Heated political rhetoric coming from Alberta Premier Jason Kenney and his cabinet ministers about the threat posed to Alberta by Trudeau, socialists, Quebec, equalization, and nefarious foreign-funded environmental groups adds fuel to the flames of those who feel Alberta has no place in Canada or would actively campaign for separation. Kenney quickly tried to rebuke any criticism that he is anything but a dedicated federalist, but it is clear that he is stoking regional grievances in order to achieve his short-term political goal of defeating Trudeau’s Liberals in October’s federal election.

Jay Hill (photo credit: Jake Wright)

The Wexit groups also have the support of some of Kenney’s former Ottawa colleagues, including former British Columbia Member of Parliament and former Jim Prentice confidant Jay Hill, who appears to have relaunched his political career as an advocate of Alberta separatism, and former Saskatchewan MP and MLA Allan Kerpan. Hill and Kerpan are the keynote speakers at a pro-separatist event scheduled to be held in Lloydminster on August 24, 2019.

With the exception of a single by-election win for the Western Canada Concept in February 1982, separatist groups like the Independent Alberta Association, West-Fed, Western Canada Party, Western Independence Party, Alberta First Party, Separation Party of Alberta, Alberta Advantage Party, Alberta Independence Party and the Freedom Conservative Party have firmly occupied the right-wing fringes of Alberta politics.

Downing has announced his plans to run for the leadership of the Alberta Independence Party, which ran 63 candidates in the 2019 election and earned 0.7 per cent of the vote.
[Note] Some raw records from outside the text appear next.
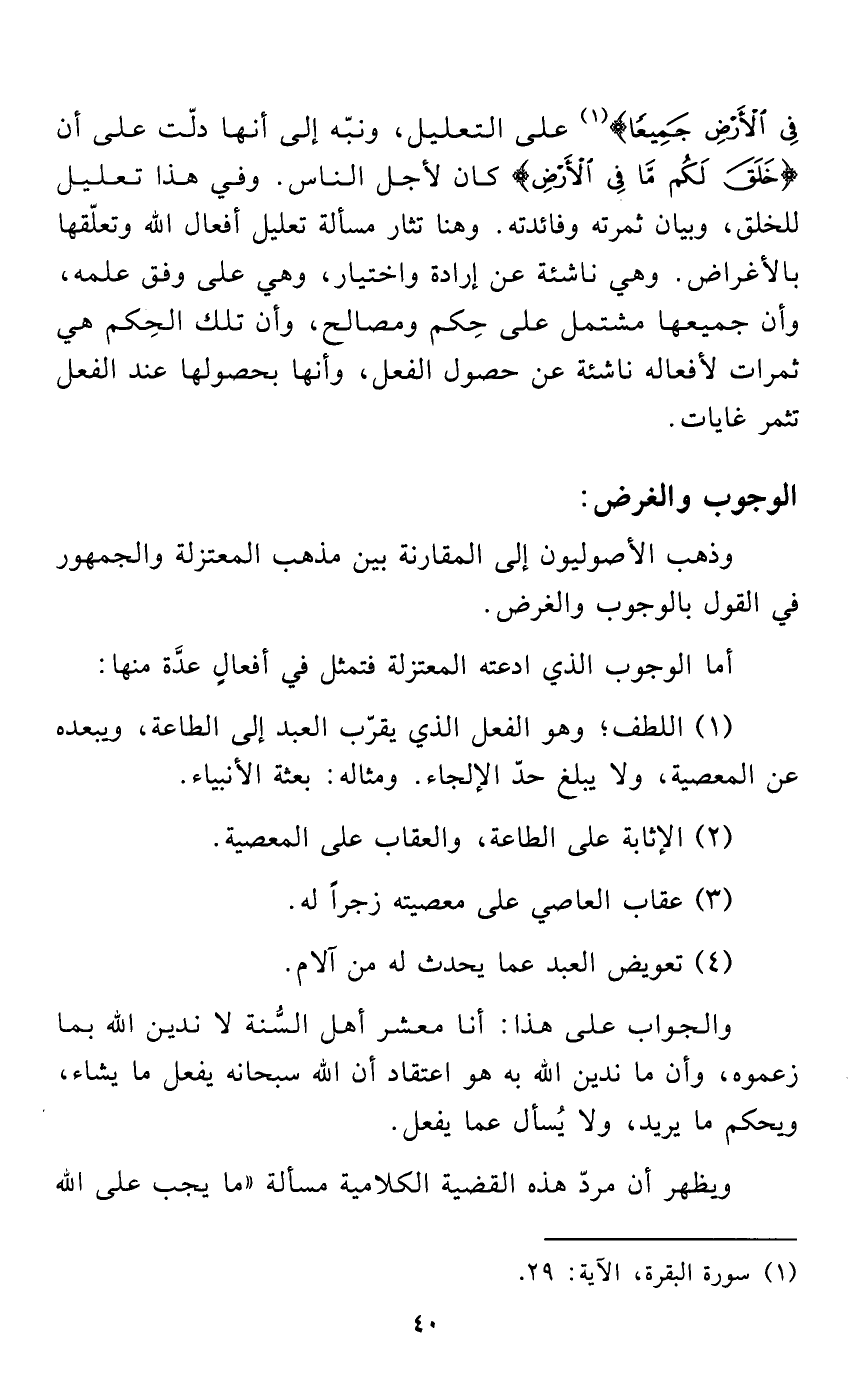 وذهب الأصوليون إلى المقارنة بين مذهب المعتزلة والجمهور في القول بالوجوب والغرض.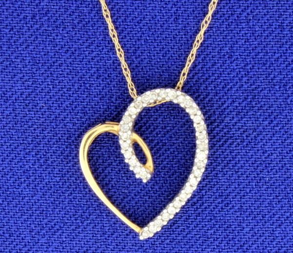 This necklace is 14K yellow gold. The pendant is 5/8 inch long and contains thirty three 1/2pt diamonds. The chain is 19 1/2 inches long. 1.2g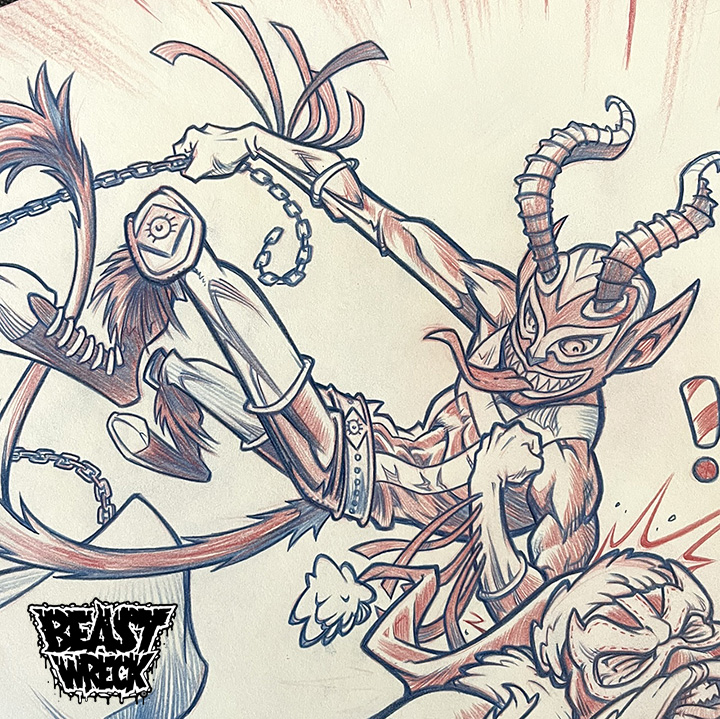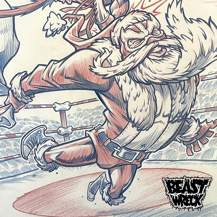 Original FINAL PENCIL DRAWING of "SANTOS VS LUCHAKRAMPUS" done in 2024 for Beastwreck's annual SANTA VS KRAMPUS drawing.

In a post on Facebook, Downing wrote that he has spoken with Freedom Conservative Party president Stephen Burry about a merger of the two parties. The FCP was known as the Separation Party of Alberta and the Alberta First Party before former UCP MLA Derek Fildebrandt led it into the 2019 election to earn 0.5 per cent of the vote. 

At this point, the total lack of a viable political party, legitimate plan for separation, and any real electoral support from Albertans for the separatist agenda is a big challenge for those who dream of one-day creating a landlocked prairie petro-republic.